Kmagrill said:
...The coverage is, theoretically, identical between the two. In practice, the higher HAAT can actually be more effective in some situations, particularly where the area to be served is relatively vast and the structure density is low.
The ERP of an FM station whose antenna radiation center exceeds the HAAT permitted for their Class must be reduced so that the distance to its 60 dB(µV/m) field intensity is the same as produced by a station using the maximum power for that class from the maximum HAAT defined for that Class and power.
But there are differences in the signal levels of the two installations.

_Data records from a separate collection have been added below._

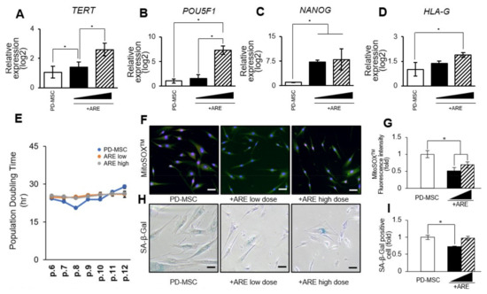 To investigate the cell proliferative effect of ARE on PD-MSC, the cells were treated for 24 h with ARE extracted via hot water at concentrations of 13.5 (ARE low) or 135 (ARE high) ng/mL. We tested a range of concentrations to ensure the selection of the most effective and non-toxic dose (Figures S1 and S2). The ARE priming increased the expression of stemness markers, TERT, POU5F1, NANOG, and HLA-G in PD-MSC in a dose-dependent manner (Figure 3A–D). Stemness denotes the capacity of these cells to differentiate into diverse cell types, and manipulating this characteristic can profoundly impact their behavior. MSCs with enhanced stemness possess an increased ability to self-renew.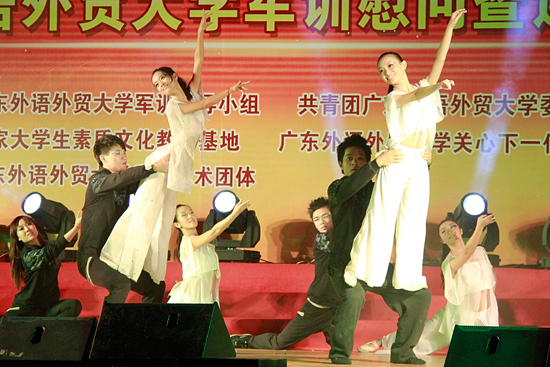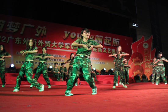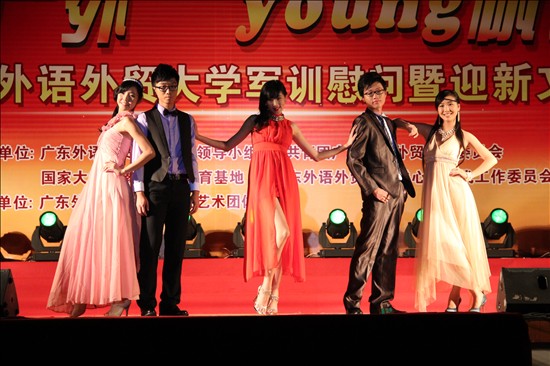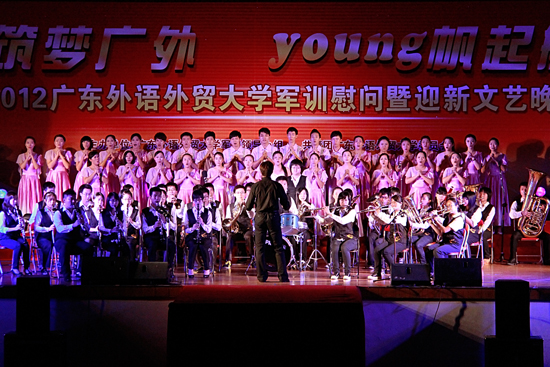 本网讯 9月25日、27日晚,由共青团广东外语外贸大学委员会和关心下一代工作委员会主办,学生艺术团体承办的2012军训慰问暨迎新晚会“筑梦广外,young帆起航”分别在南北校隆重举行。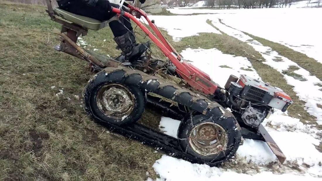 Для тех кто хочет ездить на сельском участке по снежным дорогам, также хорошо подойдёт этот вариант. Создать снегоход своими руками довольно просто. Самым сложным в этом случае является составление чертежей и монтаж шасси на четырёх колёсах. Особенностью такого транспорта можно считать минимальное давление, которое приходится на поверхность земли. Лучше всего изготовить специализированные сцепки с землёй, исходя из колёс мотоблока.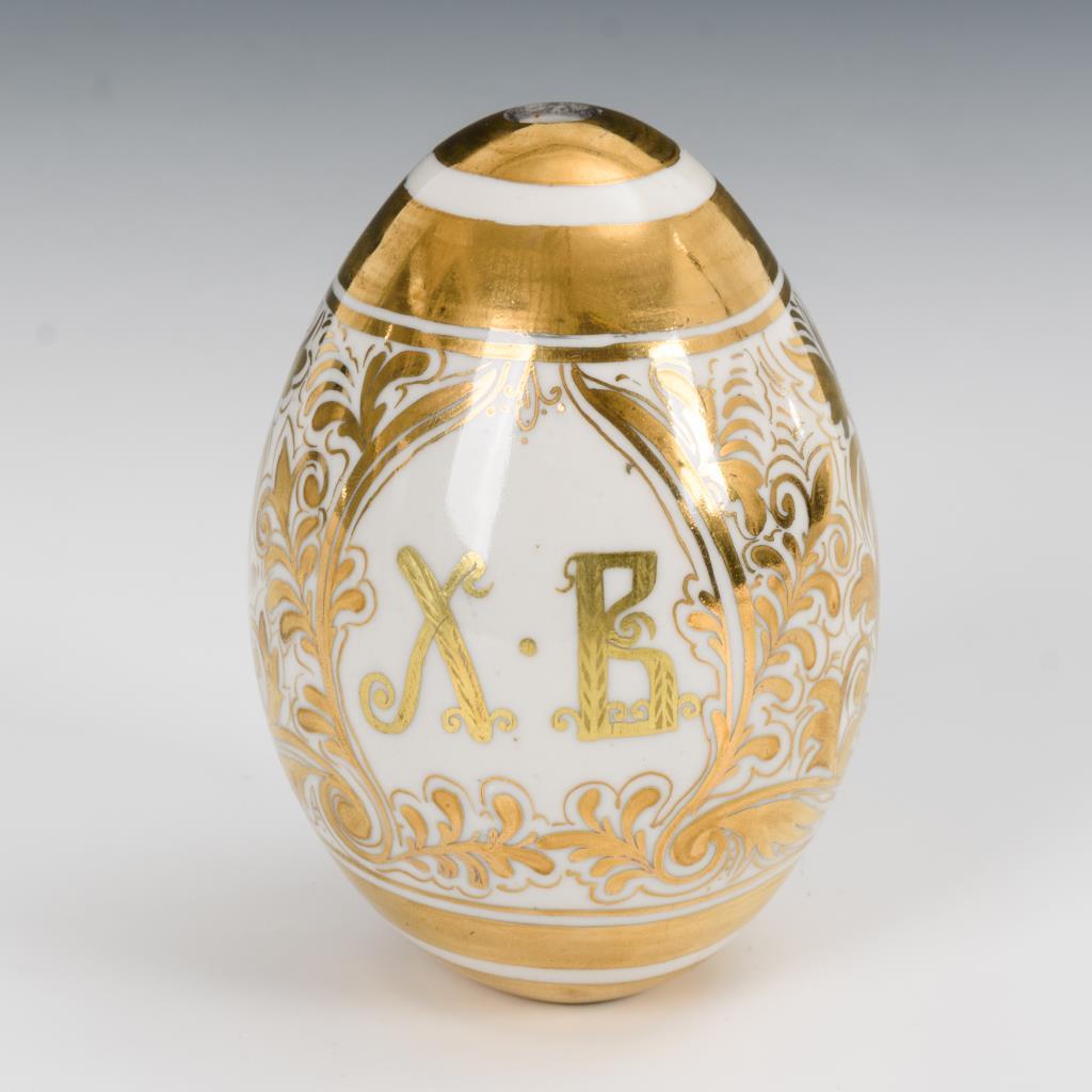 Osterei mit Christusdarstellung und reicher Goldmalerei.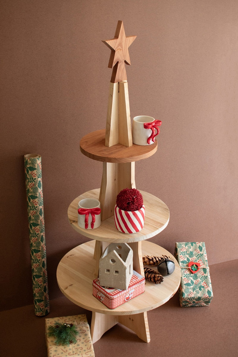 Need a new present idea? How about filling one of these wooden Christmas tree shelves? With plenty of perches for small gifts or treasures, this three-tiered tree pulls double duty. Finished front and back. Some assembly required.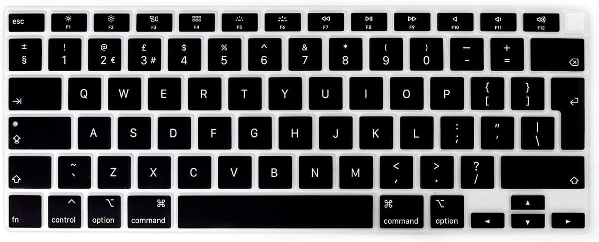 Perfekt pasform: Den beskyttende folie af miljøvenlig silikone passer perfekt til hver knap takket være det individuelle design med sorte taster (engelsk sæt).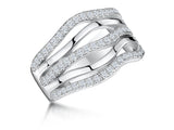 Sterling Silver Five Open Band Set With  57 Cubic Zirconia Stones . 1.25  mm Set  Stones. The Finest AAA Grade Round Cubic Zirconia Stones. The Finest AAA Grade Cubic Zirconia Stones. 925 Sterling Silver-Rhodium Finished For Tarnish Free Wear. A Ring Sizer Is Provided. Supplied With Gift Packaging.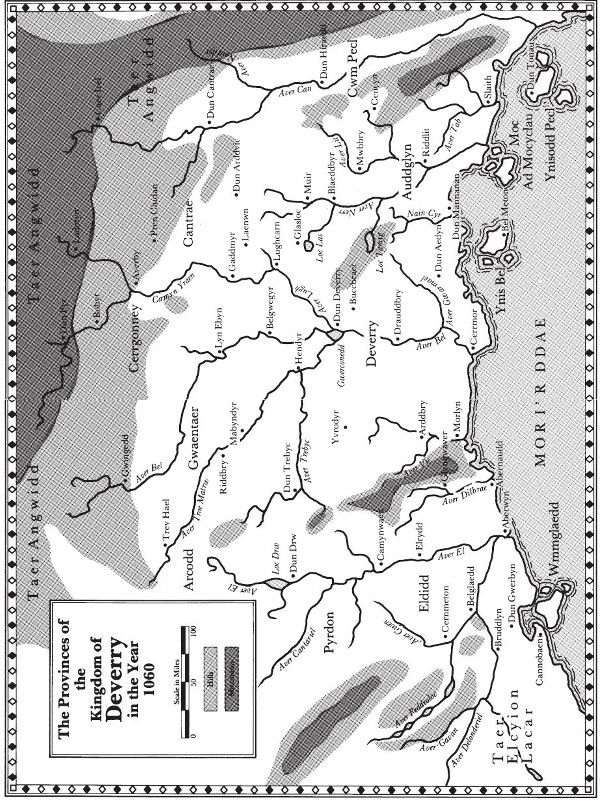 Back in the eleventh century, when the far-flung kingdom of Deverry lay sparse and tentative across the lands men claimed in the king’s name, Eldidd province was one of the most sparsely settled areas of all. Particularly in its western reaches, towns were rare, and in the west Dun Gwerbyn was something of a governmental seat, even though its high stone walls circled barely five hundred thatched houses and three temples, two of those little better than wayside shrines. On a hill in the center of town, however, stood the dun, or fort, of the tieryn, large and solid enough to be impressive in any province at that time. Inside a double set of earthworks and ditches, stone walls sheltered stables and barracks for the tieryn’s war band of a hundred men, a collection of huts and storage sheds, and the broch complex itself, a four-story round stone tower with two shorter towers built on to the sides.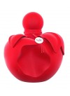 Presentación icónica en botella con forma de manzana en rojo mate velvety, símbolo de pasión y estilo.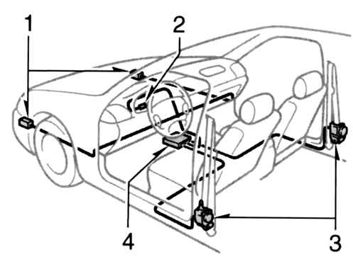 Система преднатяжителей ремней безопасности передних сидений состоит из следующих основных компонентов, расположение которых показано на рисунке 1.102: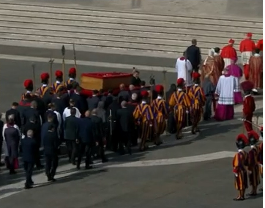 Rispettando le volontà del Papa, la bara è stata deposta davanti all'Altare della Confessione su una piccola pedana leggermente inclinata, posta su un tappeto a terra, senza l'uso del tradizionale catafalco. La bara, portata da 12 sediari, è rimasta aperta durante la processione in piazza San Pietro, dove un lungo applauso ha accolto il feretro.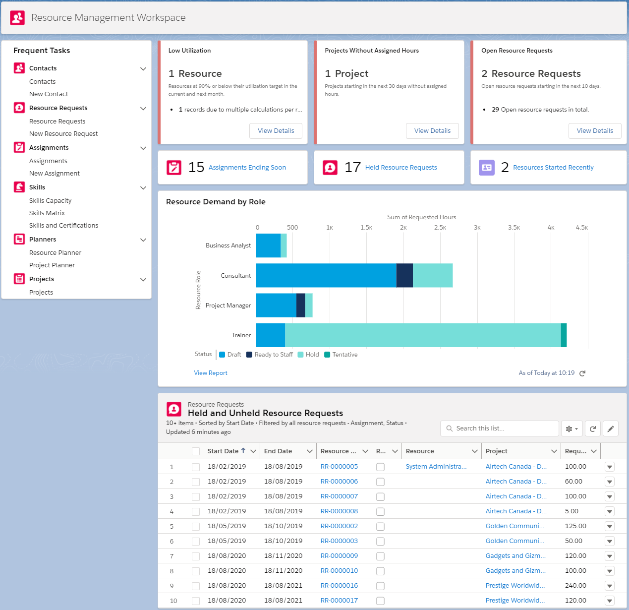 The Resource Management workspace acts as a starting point for the activities that you conduct in your resource manager role. Data for all resources is displayed in the org.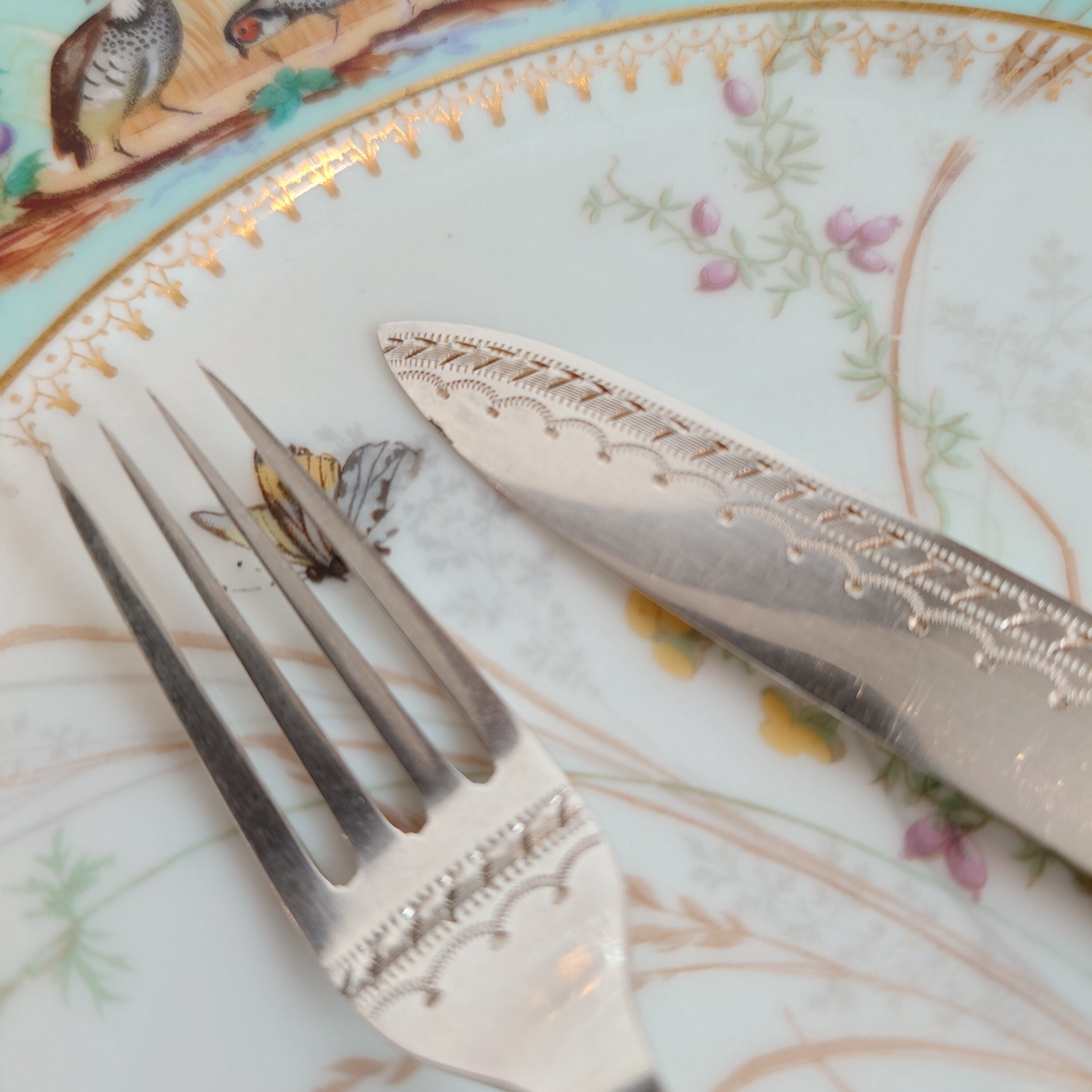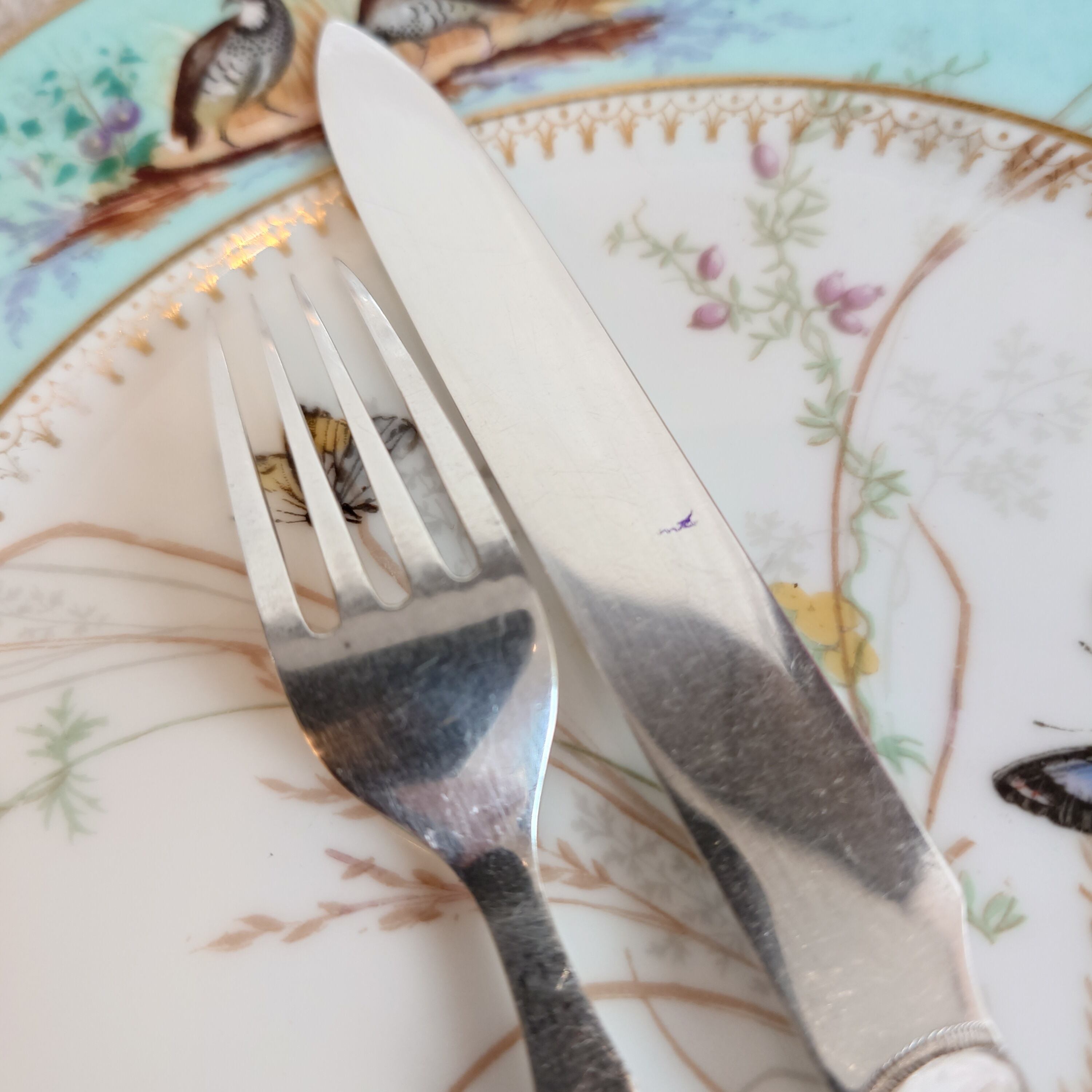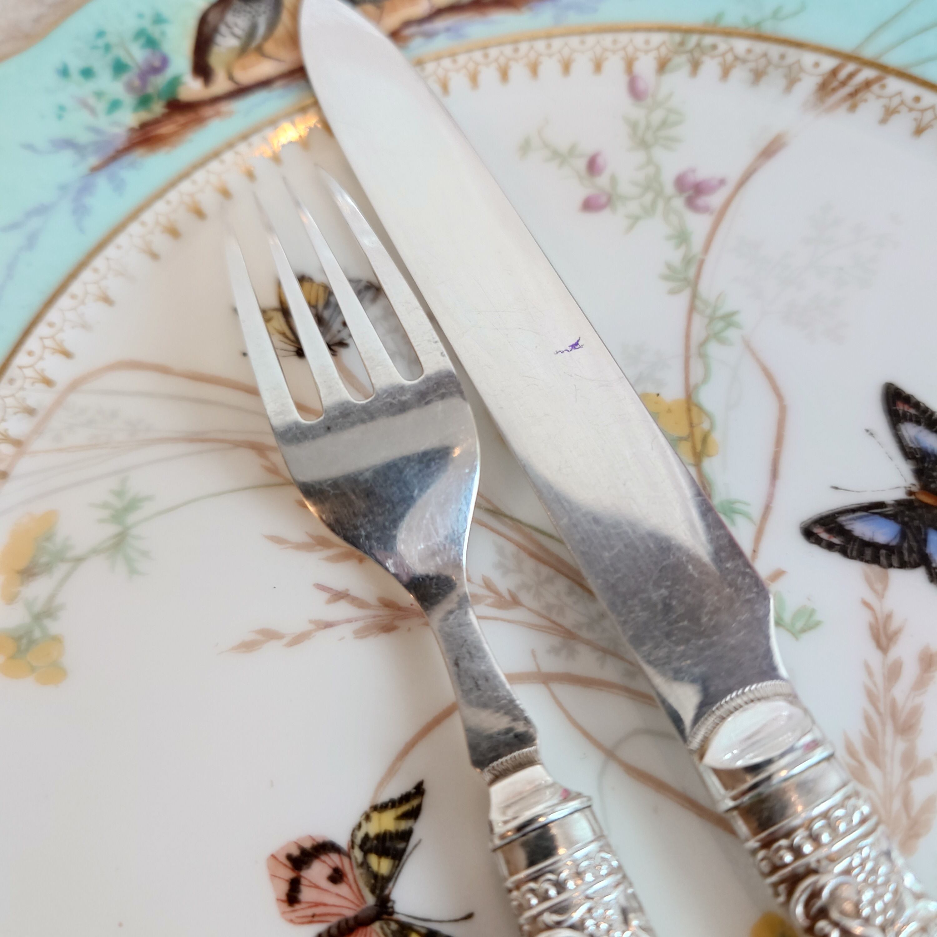 希少な白蝶貝はMOP (マザーオブパール) と略される白蝶貝の殻はボタンや工芸品の材料となり、カトラリーには、プラスチックが製品化される以前、1870-1890年頃にカトラリーのハンドル資材として用いられた物ですが、天然ゆえ劣化が起り、状態の良いお品は数少ない貴重なカトラリーです。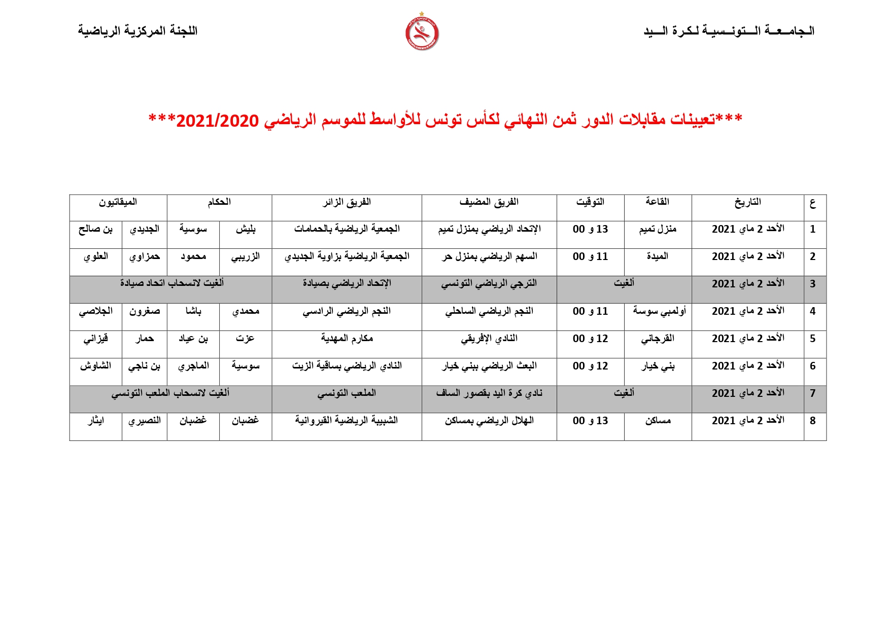 Désignation des Arbitres Huitièmes de Finale Coupe de Tunisie Juniors Garçons (Dimanche 02/05/2021) 28 avril 2021 Communiqués, Désignations, Featured, Les News de la FTHB, Photo, Publications Partager Facebook Twitter Google + Partager :Cliquez pour partager sur Twitter(ouvre dans une nouvelle fenêtre)Cliquez pour partager sur Facebook(ouvre dans une nouvelle fenêtre)Cliquez pour partager sur Google+(ouvre dans une nouvelle fenêtre) Articles similaires Partager Facebook Twitter Google +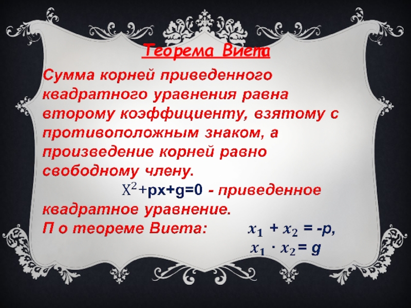 Слайд 15ПРИВЕДЁННОЕ КВАДРАТНОЕ УРАВНЕНИЕ. ТЕОРЕМА ВИЕТА.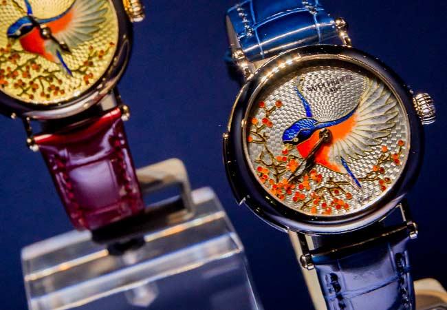 隨著機刻雕花大師熟練的技巧,搭配不同規格的機台,可變化出更豐富的飾紋,包括巴黎釘紋、古典籃織紋、火燄飾紋、麥穗飾紋⋯等等超過20種的雕花飾紋。此次展覽中,雖然沒有展出單一的機刻雕花面盤錶款,但是結合掐絲琺瑯與機刻雕花的《黃金鳥》7000/50R-001三問錶款,具備細膩的面盤飾紋,也能展現出機刻雕花的魅力。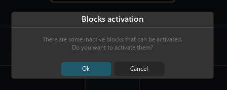 If a session contains inactive blocks that could be activated, a dialog offers to activate them:
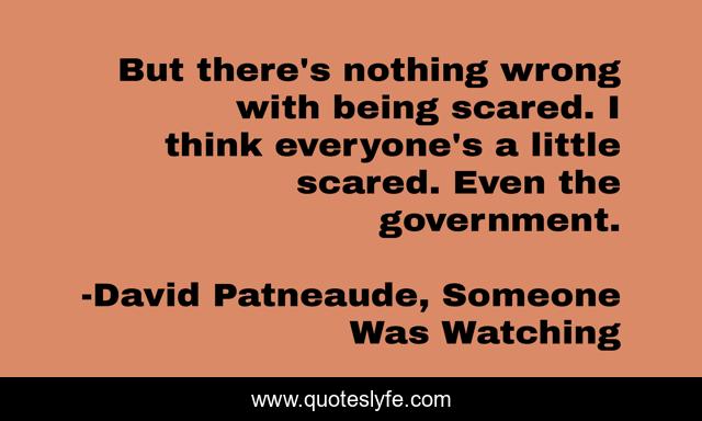 This page presents the quote "But there's nothing wrong with being scared. I think everyone's a little scared. Even the government.". Author of this quote is David Patneaude, Someone Was Watching. This quote is about fear, scared, government,.

The link below leads to a graphic showing that the signal strength from the system with reduced ERP is not quite as high from the antenna site out to about 5 miles (in this case) as one with full ERP. This can be an issue for building penetration where the antenna site is in the center of a major city.
But the mitigation for that is that an FM station with reduced ERP, and suitable radiation patterns in the vertical plane will produce less multipath distortion in analog FM receivers in that zone than a full-power station located away from the city center.
This was the case for the FMs on Sears (Willis) Tower in Chicago, who all use single-bay Harris CBR antennas having no nulls in their elevation patterns except at +/- 90 degrees.
In the graphic it can be seen that the close-in field of the 6-bay antenna is starting to drop at 1 mile, and between the antenna site and 1 mile it would contain 5 nulls, or zones where signals would be very low, and susceptible to multipath interference.